Supplied records:

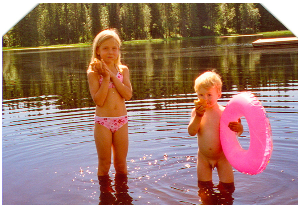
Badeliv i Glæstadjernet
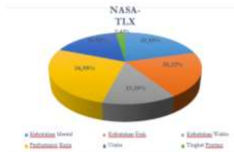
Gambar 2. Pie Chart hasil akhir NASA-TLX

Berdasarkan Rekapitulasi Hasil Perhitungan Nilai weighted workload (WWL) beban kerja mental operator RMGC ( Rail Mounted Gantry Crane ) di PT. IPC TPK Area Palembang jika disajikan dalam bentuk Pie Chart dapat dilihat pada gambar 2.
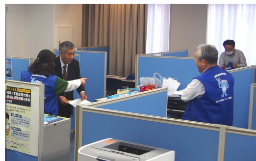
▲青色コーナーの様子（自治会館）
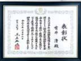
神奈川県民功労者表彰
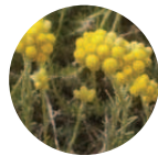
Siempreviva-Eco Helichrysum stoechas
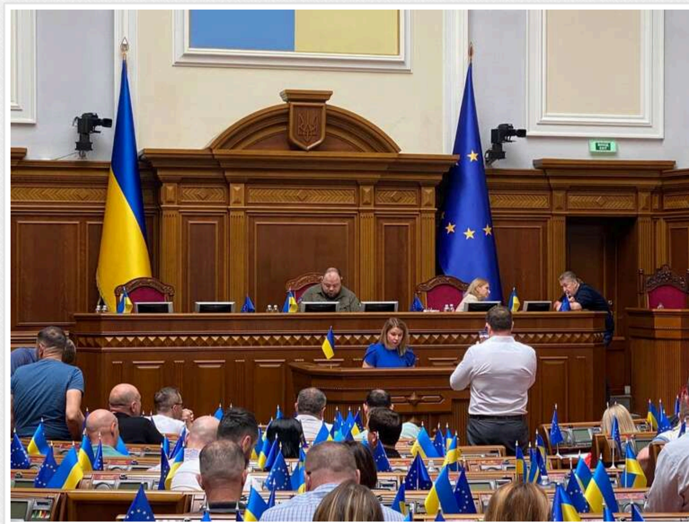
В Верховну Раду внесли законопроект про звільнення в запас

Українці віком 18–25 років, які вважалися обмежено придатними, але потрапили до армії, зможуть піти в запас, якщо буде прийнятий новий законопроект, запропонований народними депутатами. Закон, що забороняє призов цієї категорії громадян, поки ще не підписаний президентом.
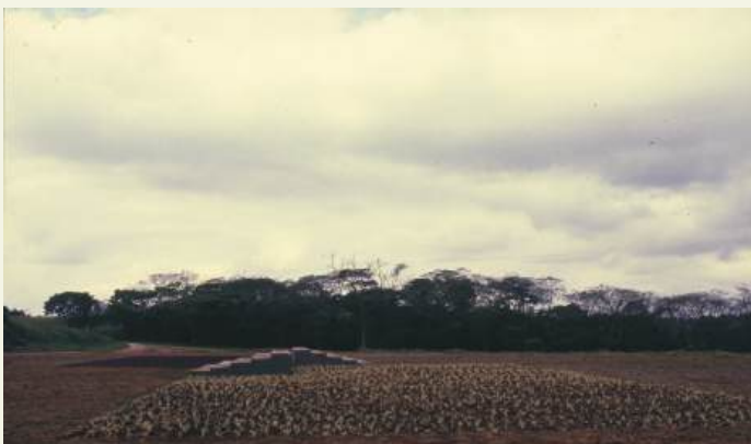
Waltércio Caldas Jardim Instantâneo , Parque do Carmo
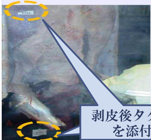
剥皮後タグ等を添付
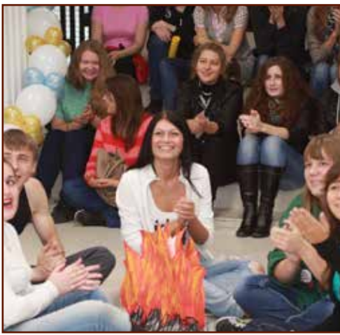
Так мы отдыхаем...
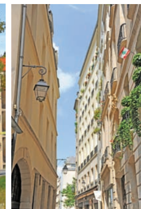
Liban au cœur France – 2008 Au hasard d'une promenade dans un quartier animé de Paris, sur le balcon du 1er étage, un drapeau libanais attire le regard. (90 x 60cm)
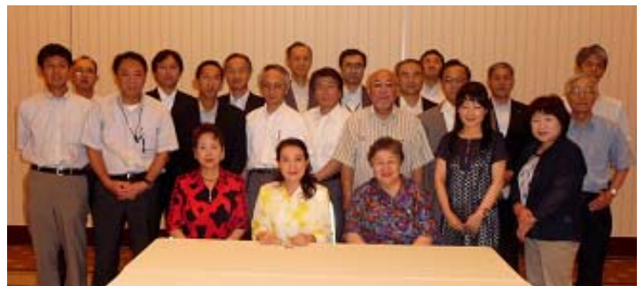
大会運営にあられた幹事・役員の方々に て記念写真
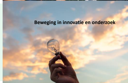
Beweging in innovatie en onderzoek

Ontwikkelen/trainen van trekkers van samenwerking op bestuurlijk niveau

Activity:
Only lines containing "Chart" belong in the answer; copy every such line from the records.

Expected answer:
Gambar 2. Pie Chart hasil akhir NASA-TLX
Berdasarkan Rekapitulasi Hasil Perhitungan Nilai weighted workload (WWL) beban kerja mental operator RMGC ( Rail Mounted Gantry Crane ) di PT. IPC TPK Area Palembang jika disajikan dalam bentuk Pie Chart dapat dilihat pada gambar 2.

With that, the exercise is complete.